Market Share & Ranking
Increased revenue market share in domestic mobile by ~400 bps between fiscal 2021 and 2025, maintaining a strong #2 position in India.
Strategic Alliances
Consolidation of Indus Towers and JVs in Africa for tower assets and undersea cable consortiums.
External Factors
Industry Trends
The industry is shifting toward 5G and converged digital services (Broadband + TV + Mobile). Airtel is positioning itself as a 'digital service provider' rather than just a 'telco' to capture higher wallet share.
Competitive Landscape
Intense competition in India from Reliance Jio; market is currently a 3-player private oligopoly which supports rational pricing.
Competitive Moat
Strong brand equity and high switching costs in the enterprise segment (Airtel Business) create a durable moat. The network effect from a 28M+ subscriber base in specific circles like Hexacom ensures long-term sustainability.

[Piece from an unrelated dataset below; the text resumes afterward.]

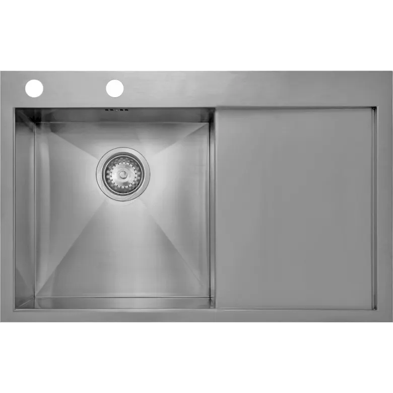 - Практичная конструкция: Правостороннее крыло и гладкая сатинированная поверхность делают мойку стильной и функциональной.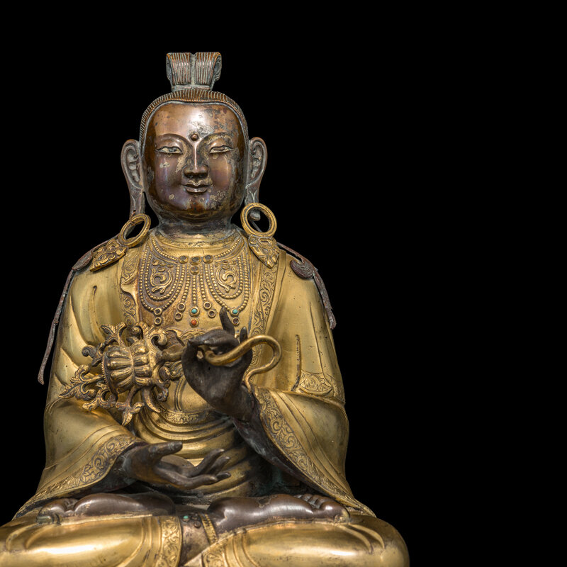 A Large Mongolian Parcel Gilt and Repoussé Figure of a Bodhisattva, Qing Dynasty

Macro Economic Sensitivity
Highly sensitive to consumer spending power in India and Africa; inflation in Africa led to hyperinflationary accounting adjustments in subsidiary books.
Consumer Behavior
Shift toward high-speed data consumption and bundled home entertainment services is driving the 17% ARPU growth.
Geopolitical Risks
Operations in 14 African countries expose the company to local political instability and regulatory shifts in repatriation of funds.
Regulatory & Governance
Industry Regulations
Subject to TRAI regulations on tariffs and DoT norms on Adjusted Gross Revenue (AGR). License fees and spectrum charges accounted for INR 3,175.5 Cr in Q2 FY26.
Environmental Compliance
ESG initiatives are focused on reducing diesel consumption at tower sites, though specific INR costs are not disclosed.
Taxation Policy Impact
Effective tax rate is significant; current tax expense was INR 1,851.4 Cr in Q2 FY26, up 118% YoY due to higher taxable profits.
Legal Contingencies
Pending matters include AGR dues and spectrum usage charge disputes with the Department of Telecommunications; exceptional items of INR 853.7 Cr were recorded in previous periods for such contingencies.
Risk Analysis
Key Uncertainties
Currency volatility in Africa and potential regulatory changes in India's spectrum allocation policy could impact margins by 2-4%.
Geographic Concentration Risk
74% of revenue is concentrated in India and South Asia, making the company vulnerable to Indian regulatory shifts.
Third Party Dependencies
Heavy reliance on Indus Towers for passive infrastructure; any disruption in tower availability would impact service quality for 28M+ customers.
Technology Obsolescence Risk
Rapid transition from 4G to 5G requires continuous high capex (INR 9,642.9 Cr in Sep-25) to avoid losing market share to technologically superior competitors.
Credit & Counterparty Risk
Trade receivables are generally high-quality due to the prepaid nature of 90%+ of the retail mobile business.